The mechanism in how DM predisposes individuals to UMIs most likely relates to the development of autonomic neuropathy [34], [35], [36], By impairing nerve function, the pain signals which indicate an acute myocardial injury never reach the central nervous system. While DM stands as a significant risk factor for neuropathy, emerging evidence suggests that neuropathy may start early during the development of IFG, which would serve as further justification for investigating IFG's relationship to UMI [37], [38], [39], [40], [41], Unfortunately, once neuropathy develops, it rarely resolves. Hence, consideration and further study should be given to whether selective screening in those with neuropathy may represent an appropriate strategy for identifying and treating UMIs.

Previous studies have alluded to the strong association between hypertension and UMIs [42], [43], [44], [45], [46]. Even in these analyses, hypertension remained a critically significant risk factor. Most likely the relationship between hypertension and UMIs is simply mediated by the role of hypertension in atherosclerosis progression. There are no strong links between hypertension and neuropathy apart from abnormal glucose metabolism which could justify that mechanism accounting for the association. Further, if there was a particular mechanism between hypertension and UMIs, the prevalence of UMIs in this cohort would be much more prevalent than other cohorts, but instead, the prevalence is similar.
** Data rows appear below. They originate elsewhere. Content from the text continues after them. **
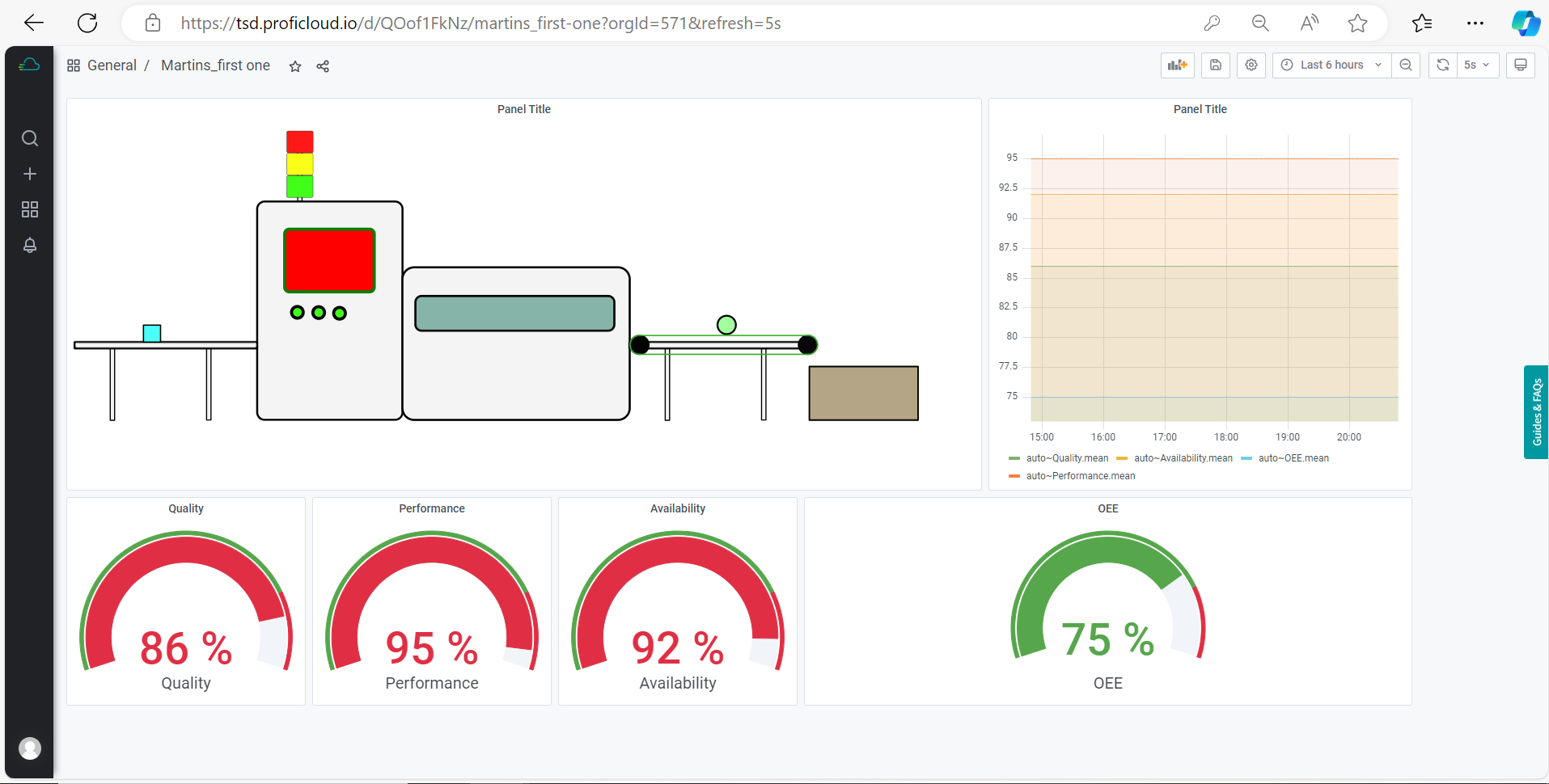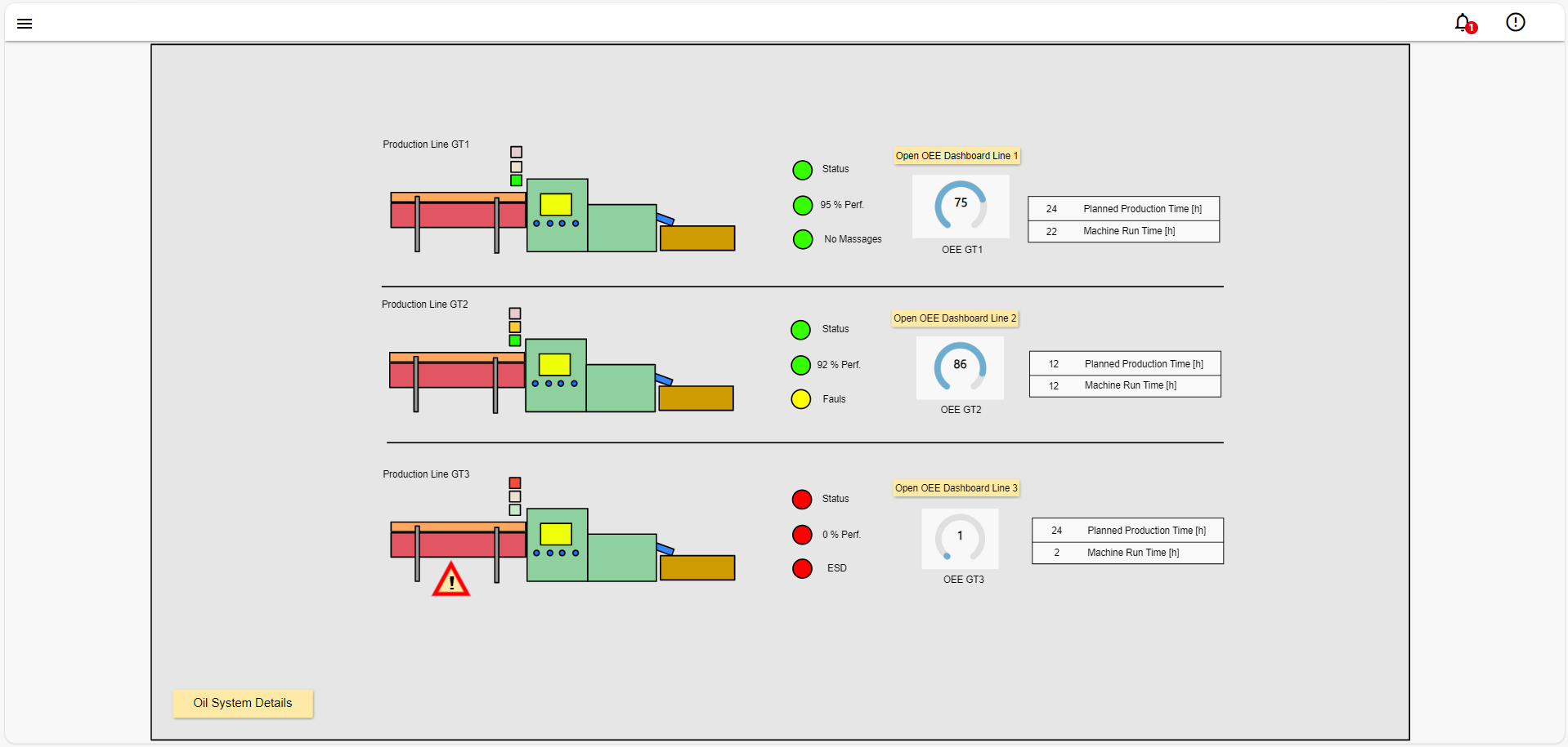 Die vorverarbeiteten, gespeicherten und analysierten Daten werden als Anlagengraphiken im Sinne von einem HMI oder zeitreihenbasiert in einem Dashboardtool visualisiert, so dass historische und aktuelle Anlagenzustände im Sinne von Condition Monitoring verfügbar sind. Auf Basis der Datenanalyse können Abweichungen vom vorhergesagtem Verhalten und detektierte Anomalien in den Daten angezeigt und alarmiert werden. Personen werden per Email, SMS oder Teamsnachricht informiert, falls sich die Maschien, Anlage oder der Prozess nicht ordnungsgemäss verhält.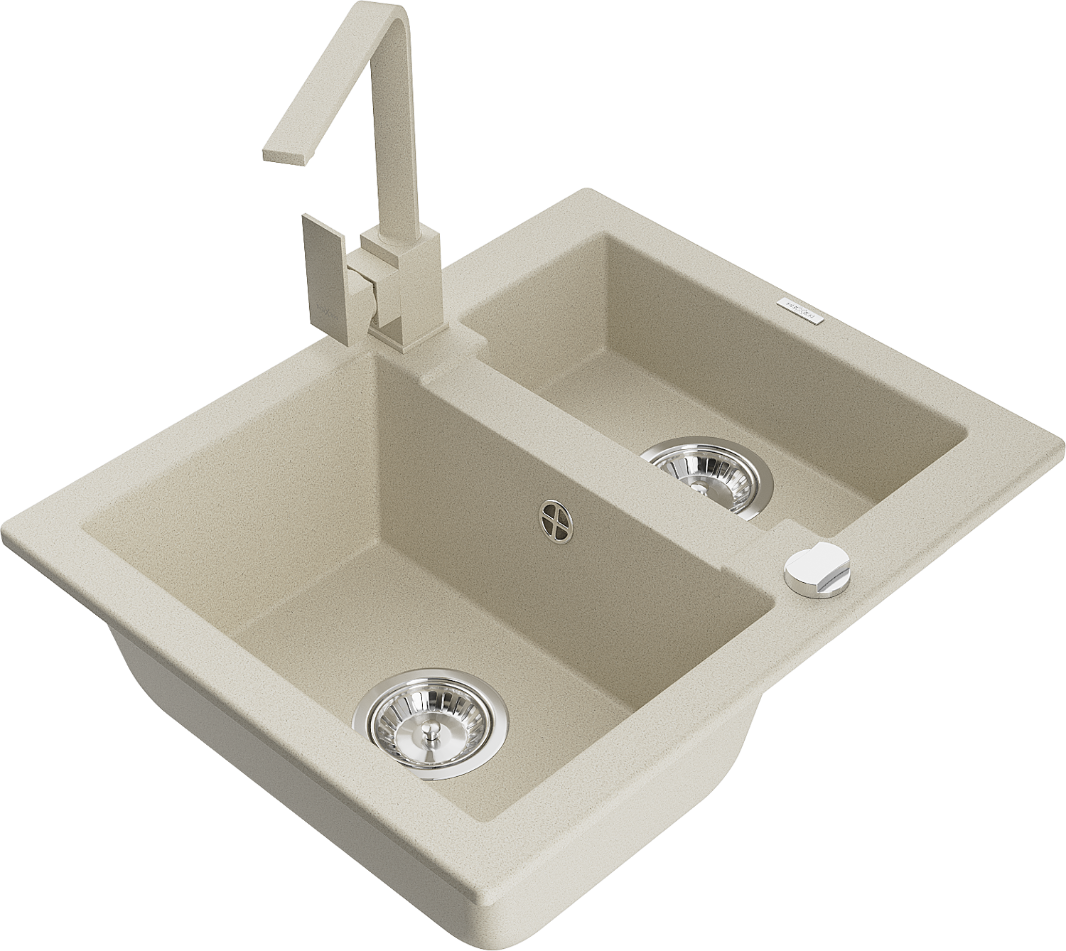 Mexen Carlos évier en granit 1,5-bac avec robinet de cuisine Rita, beige - 6518-69-670300-69
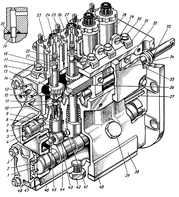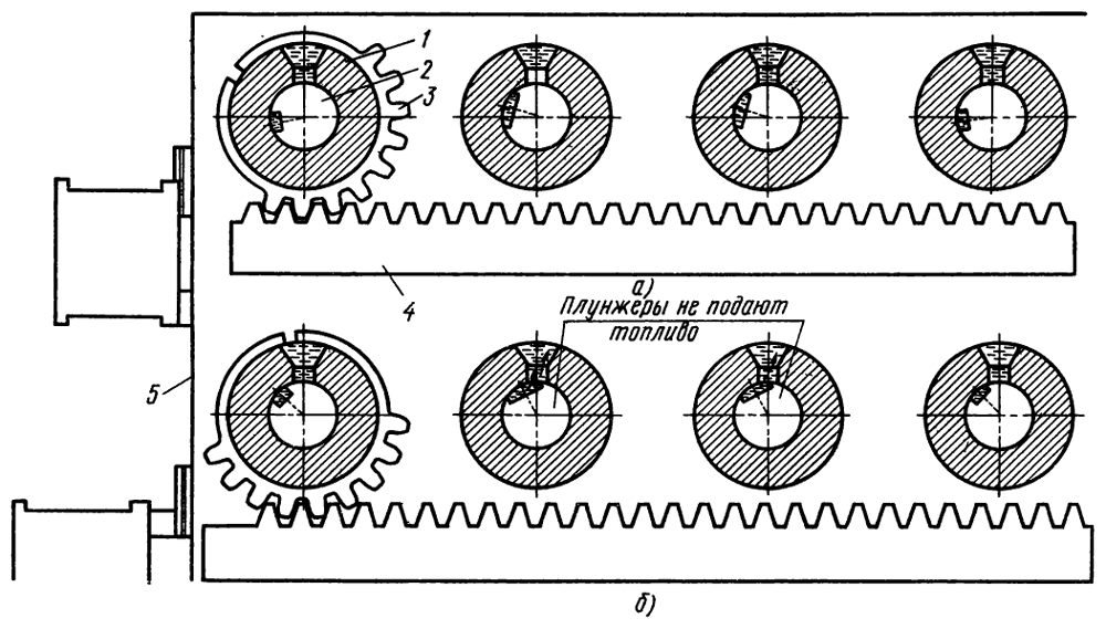 За счет допуска на равномерность можно отрегулировать четкое автоматическое выключение и включение подачи топлива II и III секциями, поворачивая зубчатый сектор на плунжере.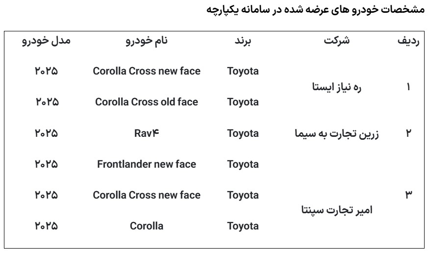 خودروهای عرضهشده در این مرحله شامل محصولات متنوعی از برندهای معتبر جهانی است که مشخصات آنها به شرح زیر اعلام شده است: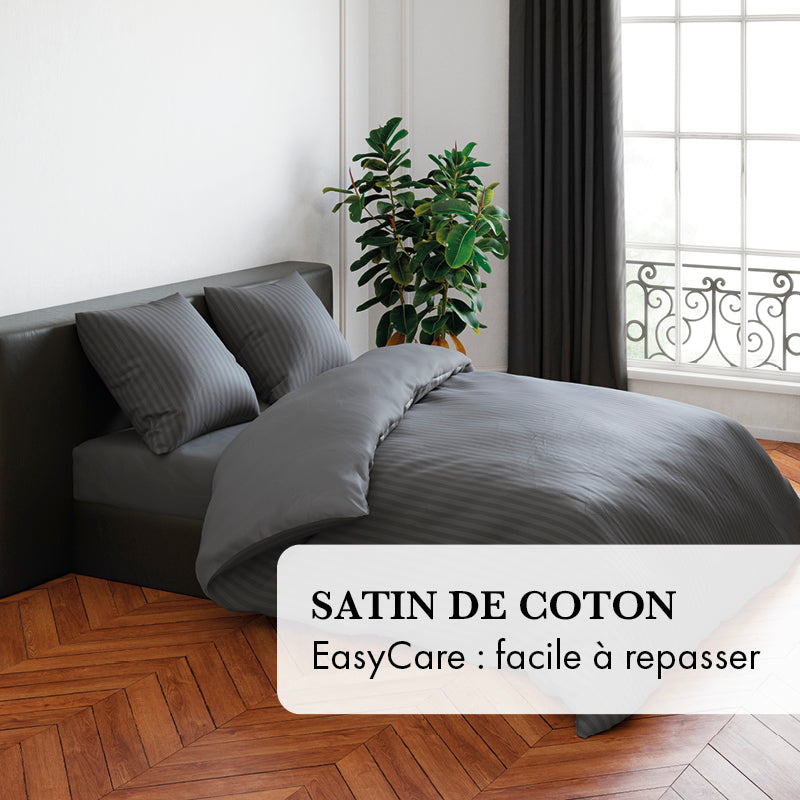 La finesse du satin de coton donne un toucher souple et soyeux, un éclat incomparable. C’est un tissu agréable et doux, respirant et absorbant l’humidité. Grâce à la finition Easy Care le satin de coton se repasse facilement et garantit une nuit de sommeil optimale.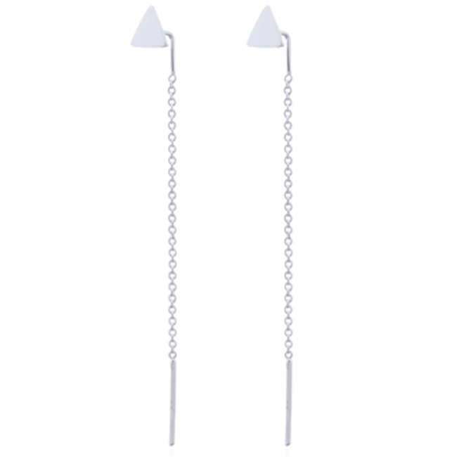 Little Triangle Rhodium Chain Threader Earrings in Silver 925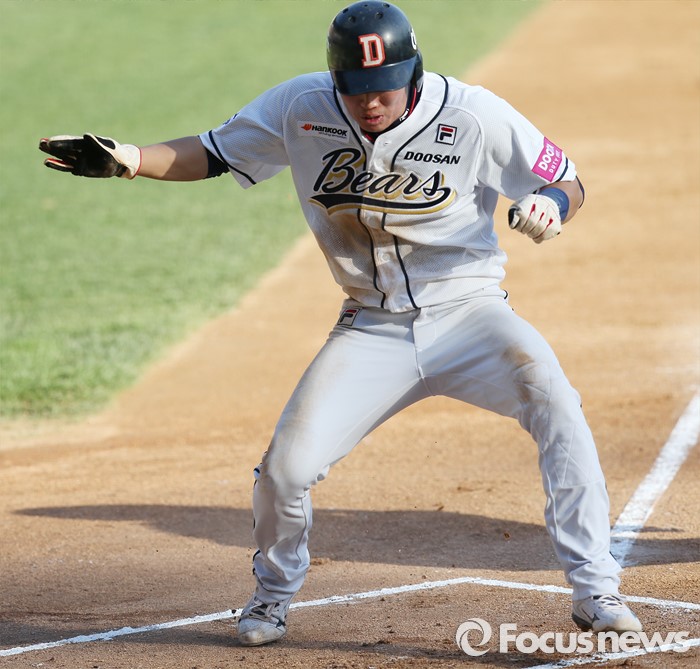 (서울=포커스뉴스) 24일 서울 잠실구장에서 열린 2016 프로야구 한화-두산 경기 1회말 무사 만루에서 두산 오재일의 1루수앞 땅볼때 3루주자 허경민이 1루수 김태균의 악송구로 홈에서 세이프되고 있다.

As with all studies, the analyses presented in this manuscript have limitations which must be considered. First, the 12-lead electrocardiogram has limited sensitivity and specificity for detecting myocardial infarctions [14]. In other studies, cardiac MRI with late gadolinium enhancement has proven to be a robust method, but the cost associated with it, as well as its limited availability, prohibits its wide-scale usage. Second, it remains difficult as to which test best identifies African-Americans with abnormal glucose metabolism without overt DM. Future studies may be best served by performing a 2-hour oral glucose tolerance test to assess the functionality of the participant's glucose metabolism. Third, with this cohort having a high prevalence of hypertension, the presence of left ventricular hypertrophy on the 12-lead electrocardiogram may obscure the expected findings of a myocardial infarction and lead to an under-reporting of those who may have experienced a UMI. [47] Fourth, the history of a previously recognized myocardial infarction was based solely on the participant's self-report during the baseline exam, which introduced potential recall bias. Finally, because glycemic status and UMI were assessed at the same point in time, it cannot be determined which condition occurred first.

Conclusion

Diabetes mellitus is strongly associated with UMI. Further, in this African-American cohort, UMI by ECG carried the same prognosis as those with a clinically-recognized myocardial infarction. Future studies will be needed to better define the risk of a UMI in those with pre-diabetes.

Disclaimer

The following disclaimer must be included in your submitted manuscript: The views expressed in this manuscript are those of the authors and do not necessarily represent the views of the National Heart, Lung, and Blood Institute; the National Institutes of Health; or the U.S. Department of Health and Human Services.